Jemaah Haji Dapat Makanan Siap Santap di Armuzna, tidak Perlu Dipanaskan

Sedang Trending 2 bulan yang lalu
Jemaah Haji Dapat Makanan Siap Santap di Armuzna, tidak Perlu Dipanaskan (MI/Akmal)

KEMUDAHAN dan kepraktisan menjadi prioritas utama dalam pelayanan konsumsi jemaah haji Indonesia selama fase puncak ibadah di Arafah, Muzdalifah, dan Mina (Armuzna). Jemaah dipastikan dapat langsung menyantap konsumsi nan disediakan tanpa perlu melalui proses pemanasan alias memasak ulang.

Kepastian tersebut disampaikan Direktur Jenderal Pengembangan Ekosistem Ekonomi Haji Kementerian Haji (Kemenhaj), Jaenal Effendi, saat menunjukkan sampel makanan siap santap (ready to eat/RTE) di Mekah, Selasa (19/5).

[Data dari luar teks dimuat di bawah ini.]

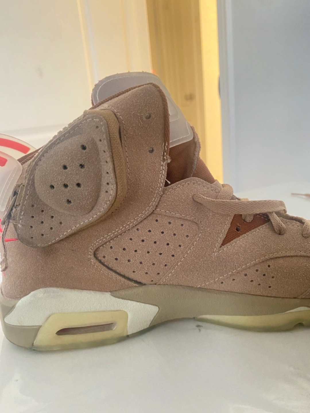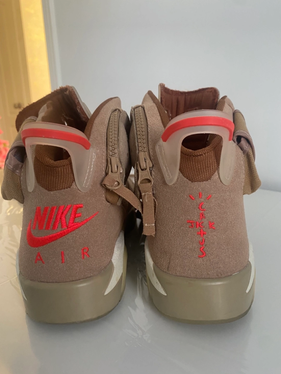 Selling a pair of Nike Air Jordan 6 Travis Scott sneakers. These are in good condition and ready for a new home! They feature a unique design and are perfect for any sneaker enthusiast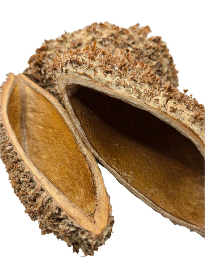 Urchin pods, also known as Bolsa Pastor seed pods are from the Zeyheria montana tree. They are a textured, interesting-shaped botanical. The outer textured area does rub off easily, but the shell of the pod is very sturdy.

Menurut Jaenal, penemuan makanan siap saji ini sengaja dihadirkan untuk menjawab tantangan logistik dan tingginya mobilitas jemaah selama fase Armuzna.

"Ini sudah bisa langsung dibuka, dimakan. Tidak perlu dipanaskan," ujar Jaenal.

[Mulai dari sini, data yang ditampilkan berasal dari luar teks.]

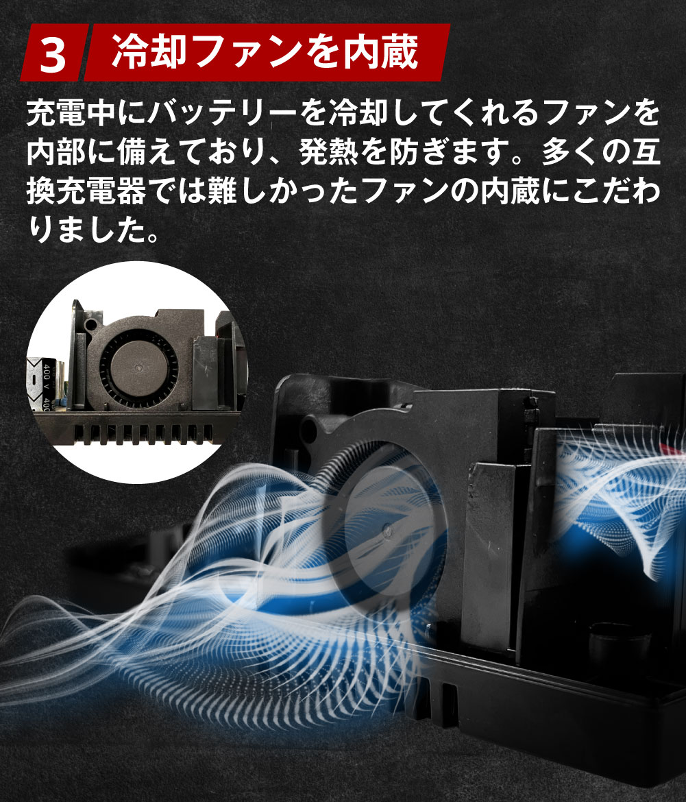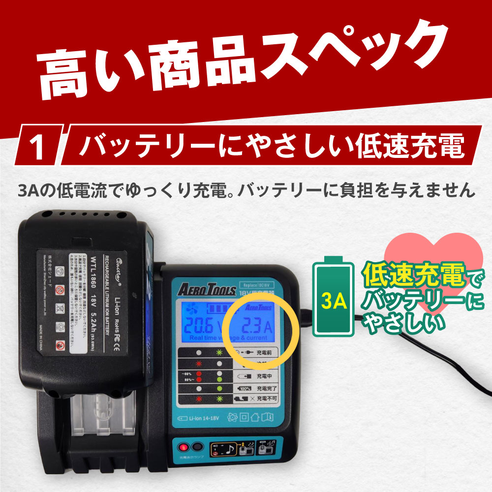 | 商品特徴 | ■安心のWaitley社製なので、1年保証付き 製造を担当しているのは互換バッテリーで高い評価を受けているWaitley社です。 12ヶ月の長期保証は製品への自信の証。 製造物責任保険でカバーされているので、万が一の不具合等にもお客様窓口にて対応いたします。安価な粗悪品で苦労されている方にオススメです。 ■あんしんの低速充電 通常の充電よりもゆっくりと充電を行うので、バッテリーに負担をかけません。 特に互換バッテリーを急速充電器で充電するのは危険とされているので、互換バッテリーには互換充電器をオススメいたします。 冷却ファンも備え、内部構造はヒートシンク構造と、徹底的に「安全」「あんしん」にこだわりました。 ※純正充電器よりも満充電までに時間がかかることはご承知ください。 ■充電状況がひと目でわかる液晶ディスプレイ 大きな液晶ディスプレイを備えているので充電の状況がひと目でわかります。 充電開始時、完了時には音楽も流れるので、使いやすくなっております。 また、充電状況をリアルタイムでモニタリングしてくれます! バックライトが青色だから見やすいのも嬉しいポイント◎ ■対応バッテリー 14.4v~18v対応。 互換LAB MKT 互換バッテリー 6Ah 9Ah 6.0 9.0 BL1415 BL1430 BL1440 BL1450 BL1460BL1815 BL1830 BL1840 BL1850 BL1860など |

Selain praktis, bungkusan makanan dirancang ergonomis agar sekaligus dapat berfaedah sebagai wadah makan, sehingga meminimalkan limbah dan mempermudah jemaah. Kendati demikian, pihak kementerian tetap mengantisipasi adanya jemaah nan belum mengetahui dengan format hidangan modern ini.

"Khawatirnya ada jemaah nan tidak terbiasa makan makanan RTE ini. Nanti ada petugas nan menyampaikan bahwa ini tinggal dibuka, digunting, langsung dimakan," jelasnya.

Cita Rasa Nusantara

Meski dikemas dalam format siap saji, Jaenal menjamin kualitas rasa hidangan tersebut tetap berkawan di lidah jemaah. Berbagai ragam menu unik Indonesia telah disiapkan, mulai dari nasi uduk dengan lauk daging, kari ayam, hingga rendang.

Di sisi lain, proyek logistik haji ini juga membawa misi penguatan ekonomi domestik. Pemerintah memastikan paket makanan RTE tersebut tetap memenuhi izin Tingkat Komponen Dalam Negeri (TKDN). 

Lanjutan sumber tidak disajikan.